Complications of pathologic inflammation of the pancreas

Pancreatitis is a very painful disease in the short term, and it known that pancreatitis becomes chronic in cases that neglected treatment, or in patients who do not make the necessary lifestyle changes. More serious complications from pancreatitis occur, and complications can include:

  • Ascites.
  • Blockage of the small intestine or bile ducts.
  • Blood clots in the spleen vein.
  • Fluid build-up in the pancreas (false pancreatic cysts) can become infected.
  • Diabetic.
  • Malabsorption of fats, nutrients, and vitamins (in most cases, fat-soluble vitamins A, D, E, and K).
  • Anemia due to iron deficiency.
  • Vitamin B12 deficiency.
  • Inflammation can cause the organ to exposed to a bacterial or fungal infection.
  • Necrosis of the pancreas tissue and fluid leakage into the abdominal cavity, leading to death.
  • Pancreatitis rarely develops pancreatic cancer.

Is pancreatitis contagious?

No type of pancreatitis can be infectious, whether the infection is acute or chronic, and this is because it does not occur as a result of any bacterial infection. Hence none of the family members can transmit the infection.

Prevention of pancreatitis

It is possible to avoid all these matters related to pancreatitis by working to prevent the causes that lead to it. And to constantly examine and monitor the digestive system specialist when feeling preliminary symptoms of this disease. The following methods can relied upon as a form of prevention:

  • Drink a lot of fluids.
  • Reduce fat intake in food.
  • Eat small, frequent meals (this helps reduce symptoms of the digestive system).
  • Get enough vitamins and calcium in the diet, or as additional supplements.
  • Reduce caffeine.
  • Your doctor may prescribe pancreatic enzymes. These medications should taken with every meal and even snacks because the enzymes help you digest food better, gain weight, and reduce diarrhea.
  • Avoid smoking and drinking alcoholic beverages, even if pancreatitis is mild.

The most common questions about pathologic inflammation of the pancreas

When and where do you go, and which doctor to find ?

Pancreatitis should diagnosed early, and treatment started, especially for acute pancreatitis. Treatment should begin immediately and prevented from switching to a necrotic, or chronic, pancreatitis form.

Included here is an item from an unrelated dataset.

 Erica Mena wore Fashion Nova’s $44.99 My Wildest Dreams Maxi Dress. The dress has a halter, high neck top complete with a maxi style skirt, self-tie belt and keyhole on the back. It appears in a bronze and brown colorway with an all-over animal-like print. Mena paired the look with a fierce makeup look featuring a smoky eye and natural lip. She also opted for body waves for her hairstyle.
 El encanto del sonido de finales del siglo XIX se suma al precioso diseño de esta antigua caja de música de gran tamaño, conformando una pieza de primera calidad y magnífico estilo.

And when patients see symptoms of pancreatitis in themselves, they should consult a specialist.

Besides, if the family has a history of pancreatitis, or has a chronic disease. The patient must consult a doctor with a periodic examination to avoid the disease or its progress. The specialist in the diagnosis and treatment of pathologic inflammation of the pancreasis a gastroenterologist.

Can pancreatitis become cancer?

Because of pancreatitis that appears for many years in patients with chronic pathologic inflammation of the pancreas and alcohol consumption for a long time. The damage caused by the pancreas will increase and may develop into cancer in the patient.

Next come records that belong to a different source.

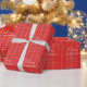 This red modern Merry Christmas wrapping paper design with presents will make any present look festive. Design by Inge Lewis. Find more matching items at the ingeinc.com store.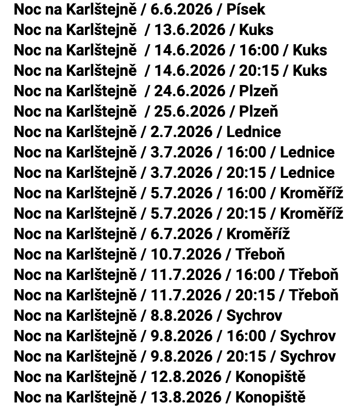 Představte si letní večer pod širým nebem, kdy se na nádvoří historických zámků rozezní tóny nesmrtelných melodií Karla Svobody. Muzikál "Noc na Karlštejně" vás zve na cestu časem do období vlády císaře Karla IV., kde se láska a odvaha snoubí s tajemstvím a intrikami.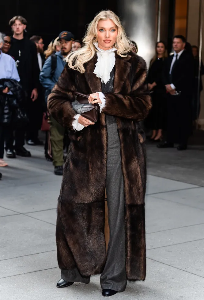 Вдохновение для зимних образов мы нашли именно у нее. Модель в этом сезоне выбрала роскошную длинную шубу из искусственного меха теплого шоколадного оттенка. Образ получился одновременно сдержанным и эффектным — тот самый баланс, который делает стиль по-настоящему дорогим. Интересно, что Хоск не пытается «приглушить» мех базовыми вещами, как это делают многие. Напротив, она сознательно подчеркивает его статусность, сочетая с женственными элементами. А именно: блузой с жабо, шерстяным кардиганом и классическими серыми брюками свободного кроя. Она дополнила дуэт черными ботильонами и небольшой сумкой. И, конечно, не забудьте про украшения. В этом сезоне их носят даже поверх верхней одежды. Получается образ с отсылкой к старому Голливуду, но в современном исполнении. Это не повседневный лук, но идеальный вариант для выхода: например, в театр или на ужин в ресторан.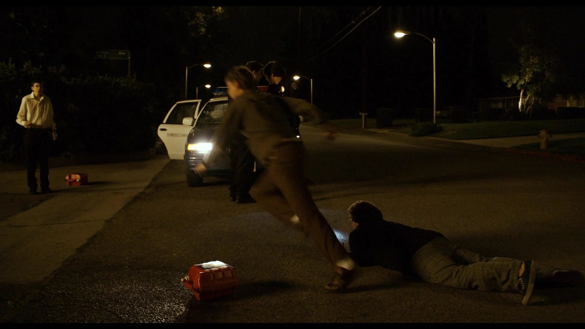 Finally, these two stories converge when the cops, driving drunk, swerve around a corner and hit a pedestrian (who happens to be none other than Seth).

Since some symptoms of pancreatic cancer can confused with pancreatitis, advanced diagnostic methods used Rather than making an inappropriate decision.

Does the treatment take a long time?

The duration of treatment in acute pancreatitis varies depending on the severity of the disease. In contrast, moderate pancreatitis improves within a few days Treatment of acute pancreatitis with tissue loss in the pancreas organ is difficult, and it lasts longer. In such cases, an endoscopic intervention may needed or surgery to remove damaged tissue.